== RECORDS SUPPLIED

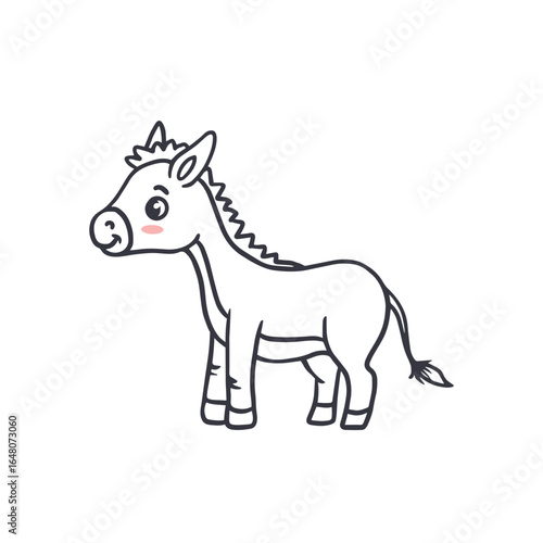 Cute cartoon donkey isolated on white. Animal in doodle style for children's coloring, worksheet, and activity pages. Vector illustration
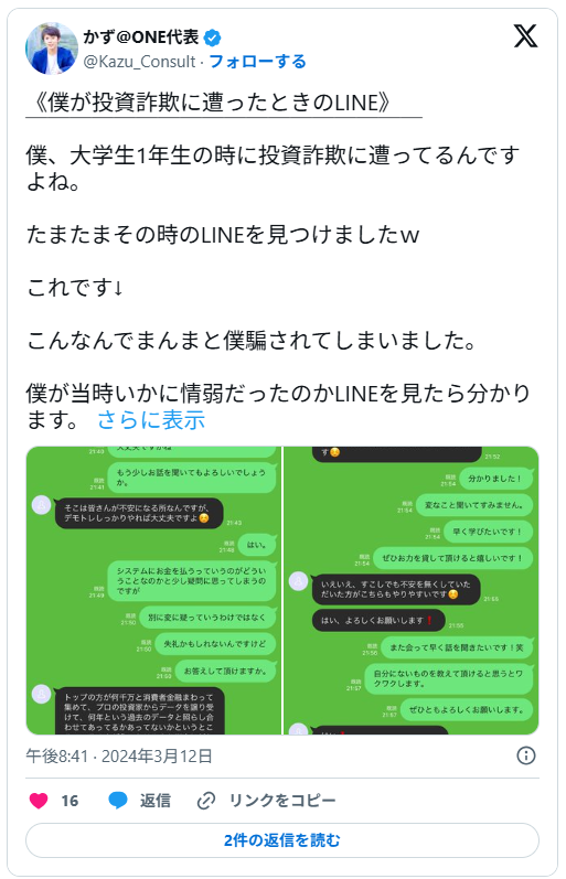 慶應義塾大学に在学中に投資詐欺にひっかかり、35万円を失います。
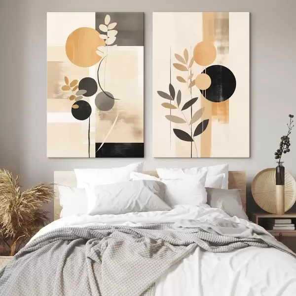 Gemälde Abstraktionen mit Blättern und Kreisen Art. m30133
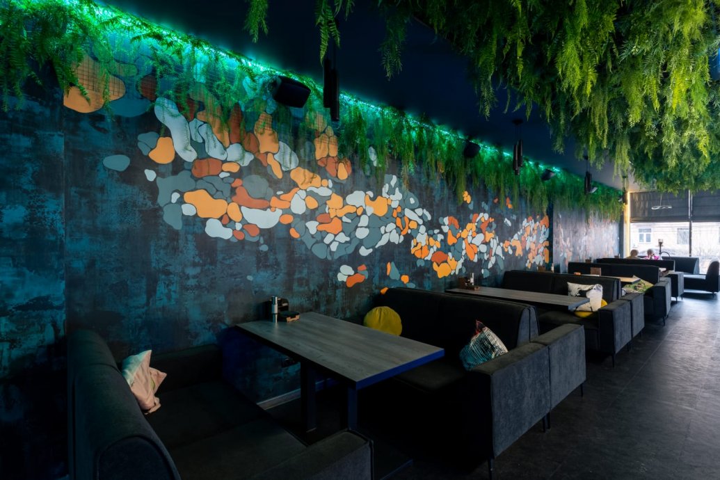 Facility's interior is made in dark colors, which creates a feeling of coziness and privacy. The feeling of merging with nature is provided by a large number of hanging ferns on the ceiling and walls. The colored lighting of the hookah bar adds lightness, liveliness and somewhat fantastic atmosphere. Abstract colored composition on the wall and RGB lighting also set a relaxing informal tone.
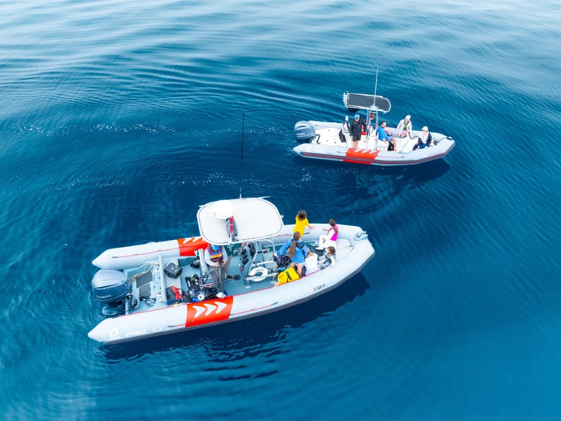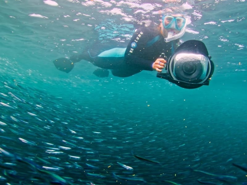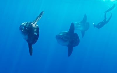 Swim offshore to encounter sunfish, bait balls, and seasonal whales on a 6-hour guided ocean adventure.
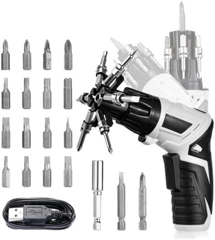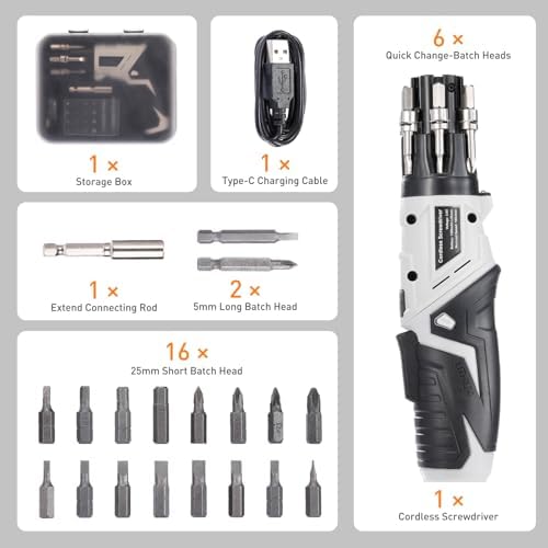 طقم مفك كهربائي لاسلكي 25 قطعة بتصميم يد دواره قابلة للتعديل بيو اس بي للشحن
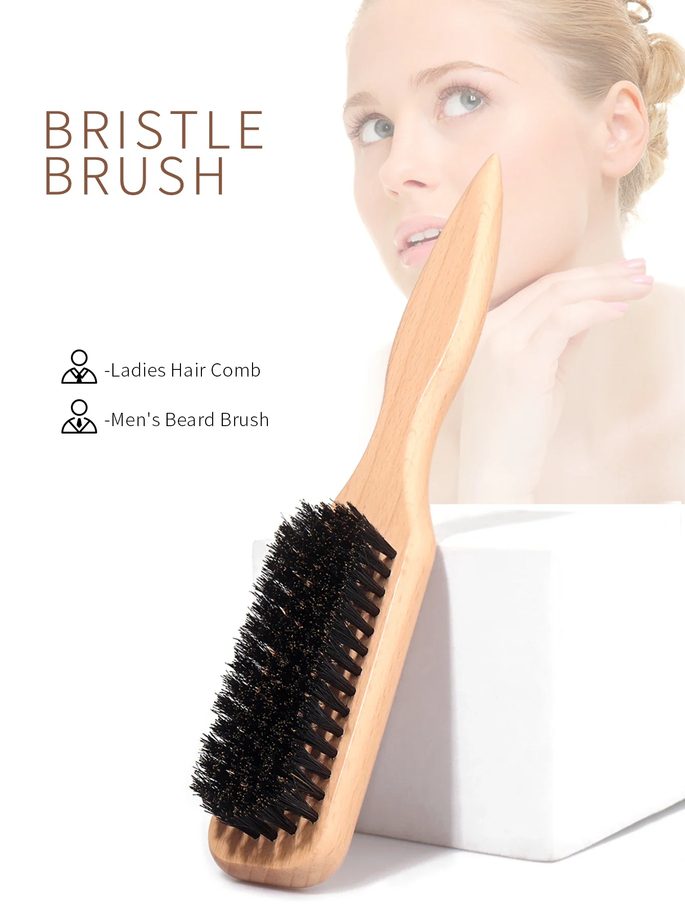 Boar Bristle Slick Back Hair Brush for Sleek Ponytail Bun & Smoothing Baby Hairs, Flyaways, Edge Control - Backcombing & Teasing
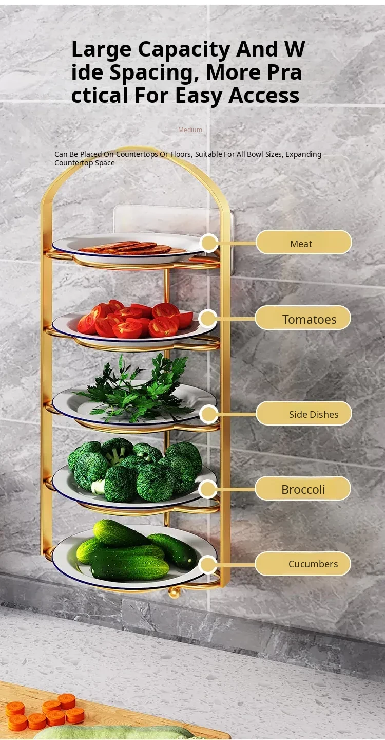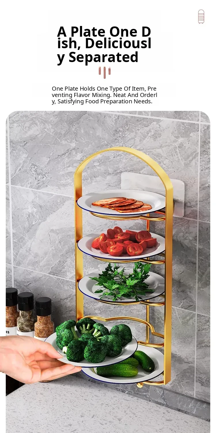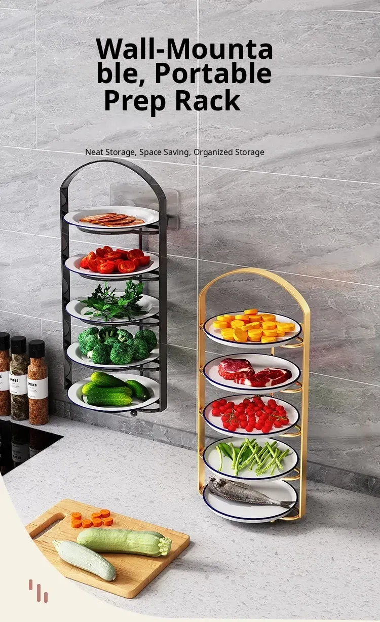 Multi-Functional Kitchen Organizer Rack - Space-Saving Wall-Mounted Vegetable Storage Shelf for Meal Prep and Cooking, Perfect for Plates and Ingredients!
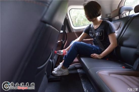 試乘人員身高:164mm,頭部空間和膝部空間表現(xiàn)不俗,頭部空間有550ml礦泉水瓶高度的空余,膝部也有超過兩拳的距離。
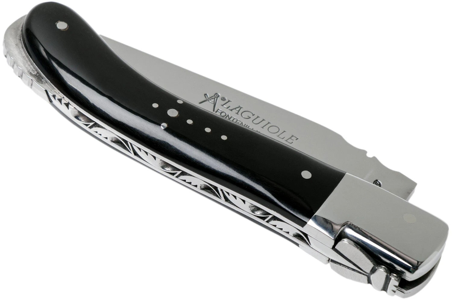 Authentique couteau Laguiole, entièrement fait à la main. Longueur fermé : 13 cm. Lame en acier inoxydable suédois 12c27, manche en pointe de corne de buffle et mécanisme de verrouillage de lame.

====

A verbatim copy is needed of the lines running from the line with "Facility's interior is" to the end of the data above, both included. Keep the pictures out of it.

 Facility's interior is made in dark colors, which creates a feeling of coziness and privacy. The feeling of merging with nature is provided by a large number of hanging ferns on the ceiling and walls. The colored lighting of the hookah bar adds lightness, liveliness and somewhat fantastic atmosphere. Abstract colored composition on the wall and RGB lighting also set a relaxing informal tone.
 Swim offshore to encounter sunfish, bait balls, and seasonal whales on a 6-hour guided ocean adventure.
 طقم مفك كهربائي لاسلكي 25 قطعة بتصميم يد دواره قابلة للتعديل بيو اس بي للشحن
 Boar Bristle Slick Back Hair Brush for Sleek Ponytail Bun & Smoothing Baby Hairs, Flyaways, Edge Control - Backcombing & Teasing
 Multi-Functional Kitchen Organizer Rack - Space-Saving Wall-Mounted Vegetable Storage Shelf for Meal Prep and Cooking, Perfect for Plates and Ingredients!
 試乘人員身高:164mm,頭部空間和膝部空間表現(xiàn)不俗,頭部空間有550ml礦泉水瓶高度的空余,膝部也有超過兩拳的距離。
 Authentique couteau Laguiole, entièrement fait à la main. Longueur fermé : 13 cm. Lame en acier inoxydable suédois 12c27, manche en pointe de corne de buffle et mécanisme de verrouillage de lame.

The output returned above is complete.